France's mistake was to define the threat as a German invasion through a particular border. The real threat was a German invasion, regardless of route.
Similarly, the Bush Administration's mistake is to define the threat as nuclear or biological weapons delivered by ballistic missiles. It isn't. The threat is nuclear or biological weapons, regardless of delivery method.
A hostile missile without a weapon threatens no American. But a hostile nuclear weapon without a missile threatens all Americans.
Imagine that you are a foreign aggressor, you have a workable nuclear weapon, and you wish to kill a large number of innocent American civilians. In broad-brush terms, you have two options:
You can use an ICBM. Or you can use clandestine delivery: Put the bomb in the hold of a merchant ship and explode it in an American harbor. Put it in an airliner and fly it to the city of your choice. Or just put it in a Ryder truck and drive it there.
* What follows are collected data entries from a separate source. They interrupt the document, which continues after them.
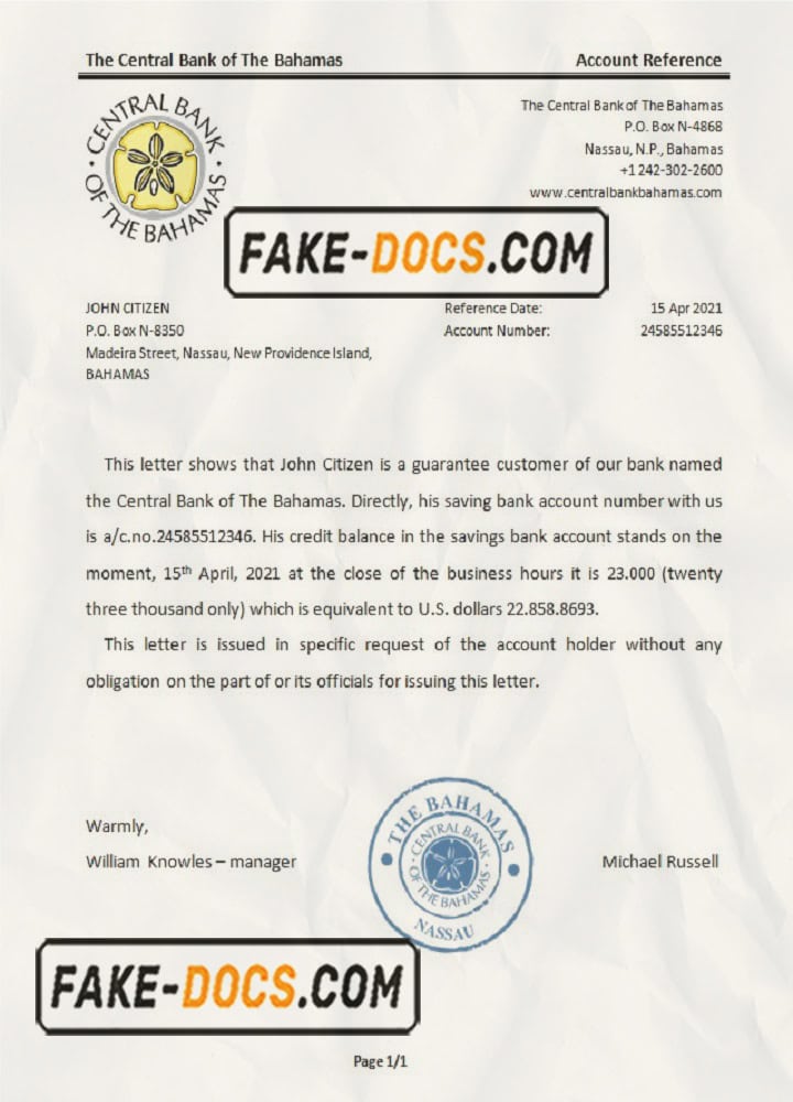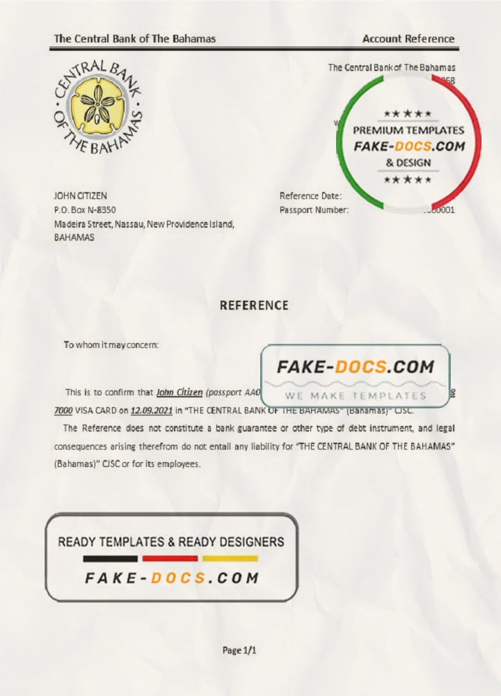 The Bahamas The Central Bank of The Bahamas bank reference letter template in Word and PDF format
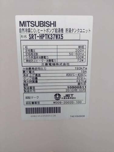 川崎市中原区 三菱電機自然冷媒CO2ヒートポンプ給湯機 貯湯タンクユニットSRT-HPTK37WX5→コロナ自然冷媒CO2家庭用ヒートポンプ給湯機 貯湯ユニット CTU-37AZ1K エコキュート交換工事
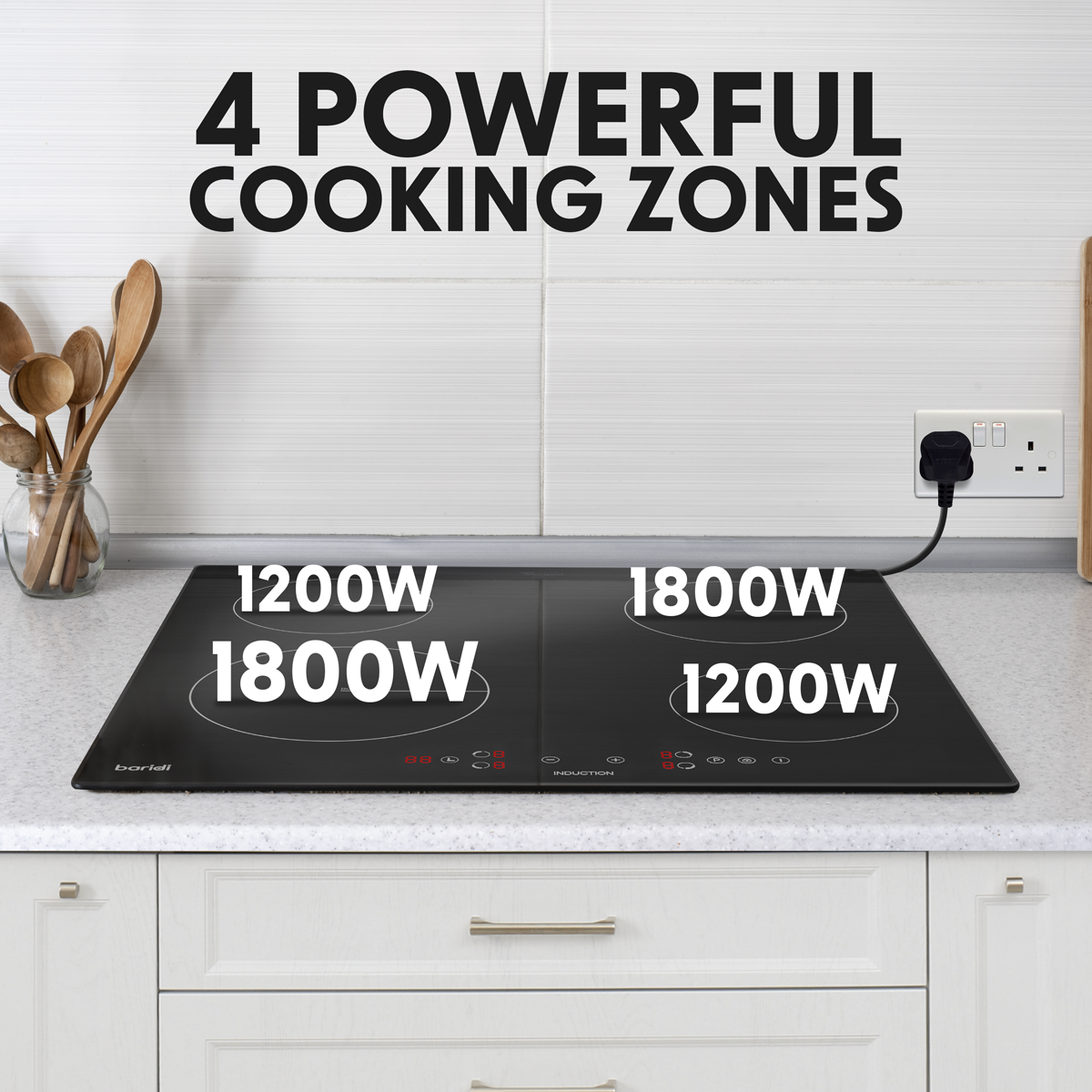 151.18 2025-11-04This induction hob has a total power output of 6800W split across four independently controllable zones. Easily control the cooktops settings with a press of your finger, the intuitive touch controls have a safety lock. Timer setting ensures full control while cooking. Integrated boost function enables you to increase the power on the front left zone by up to 20%. Induction hob heating is much faster and more efficient than gas or ceramic equivalents. Induction hobs heat using magnetic fields, creating instant heat in any iron, stainless steel or alloy pan. Because induction hobs only heat the pan, you waste much less electricity, saving you money. Unlike gas and ceramic hobs, induction surfaces also cool much quicker after use.

The ICBM would be more expensive, less accurate, and much less reliable than clandestine delivery. Even more important, the ICBM would leave an unmistakable return address, while clandestine delivery offers at least a possibility of anonymity.
Ballistic missiles make sense for the five declared nuclear weapon states, which can test and perfect their missiles and need to deliver multiple weapons to rapidly-chosen targets. But for a Third World despot with one or two weapons, ICBMs are the weakest delivery method imaginable.
Imagine, then, that the Secretary of Defense were to make a public statement that the purpose of NMD is to force hostile states to abandon ineffective ICBMs and deliver their nuclear or biological attack by more effective clandestine means.
He'll never say that, of course, because if he did the NMD debate would be over.